*** Opening Data under study ***
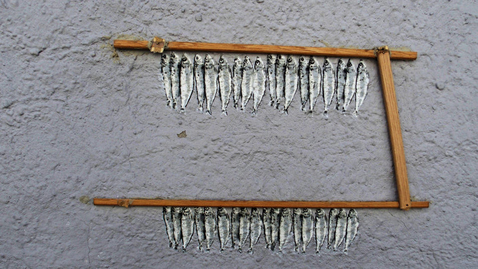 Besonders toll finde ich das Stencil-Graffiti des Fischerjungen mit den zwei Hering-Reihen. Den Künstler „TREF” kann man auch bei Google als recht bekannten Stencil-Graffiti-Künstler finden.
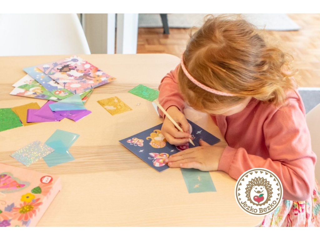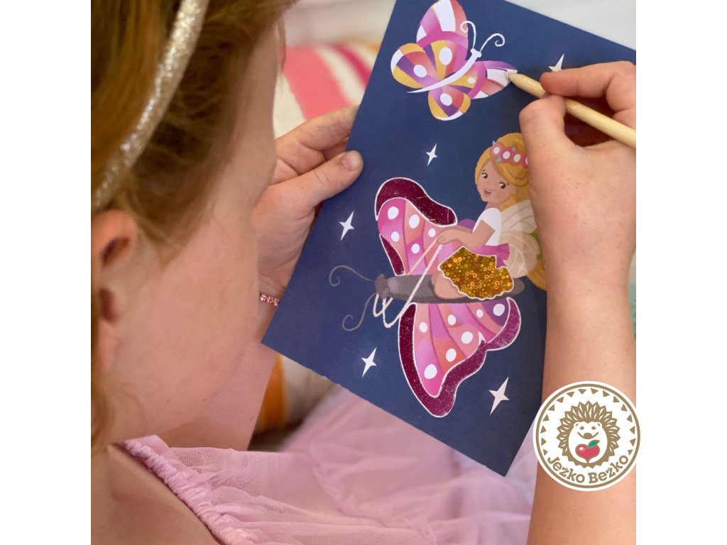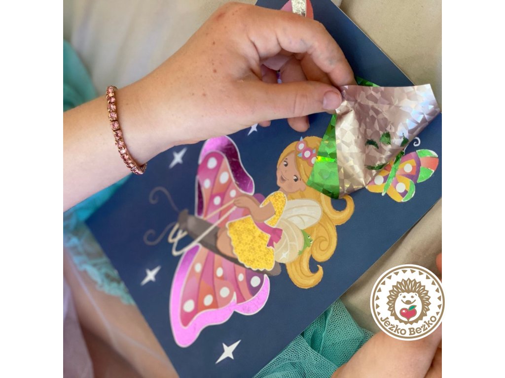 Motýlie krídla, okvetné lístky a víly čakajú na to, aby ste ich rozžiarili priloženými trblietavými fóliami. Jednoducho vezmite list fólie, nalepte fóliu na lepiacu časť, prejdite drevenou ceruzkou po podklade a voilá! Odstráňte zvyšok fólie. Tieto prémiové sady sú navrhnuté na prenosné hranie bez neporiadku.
*** Closing Data under study ***
*** Opening Data under study ***
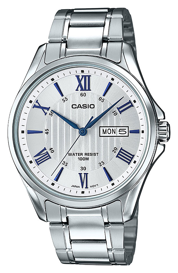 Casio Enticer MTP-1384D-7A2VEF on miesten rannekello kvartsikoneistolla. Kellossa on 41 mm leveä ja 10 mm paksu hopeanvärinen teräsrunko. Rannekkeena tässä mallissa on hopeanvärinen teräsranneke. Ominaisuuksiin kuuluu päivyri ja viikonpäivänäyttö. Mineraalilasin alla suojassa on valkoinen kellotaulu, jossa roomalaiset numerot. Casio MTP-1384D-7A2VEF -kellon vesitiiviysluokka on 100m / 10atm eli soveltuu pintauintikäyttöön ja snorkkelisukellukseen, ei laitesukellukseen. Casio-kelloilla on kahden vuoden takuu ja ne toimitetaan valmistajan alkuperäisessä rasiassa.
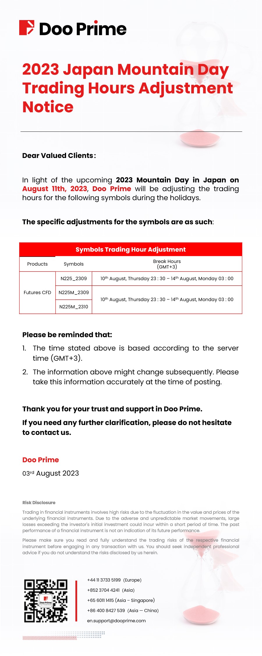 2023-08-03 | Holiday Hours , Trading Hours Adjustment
*** Closing Data under study ***
What needs to be done:
Start at the line containing "Besonders toll finde" above and stop at the line containing "Motýlie krídla, okvetné". Output those lines exactly, both included, but none of the pictures.

Reply to the task:
 Besonders toll finde ich das Stencil-Graffiti des Fischerjungen mit den zwei Hering-Reihen. Den Künstler „TREF” kann man auch bei Google als recht bekannten Stencil-Graffiti-Künstler finden.
 Motýlie krídla, okvetné lístky a víly čakajú na to, aby ste ich rozžiarili priloženými trblietavými fóliami. Jednoducho vezmite list fólie, nalepte fóliu na lepiacu časť, prejdite drevenou ceruzkou po podklade a voilá! Odstráňte zvyšok fólie. Tieto prémiové sady sú navrhnuté na prenosné hranie bez neporiadku.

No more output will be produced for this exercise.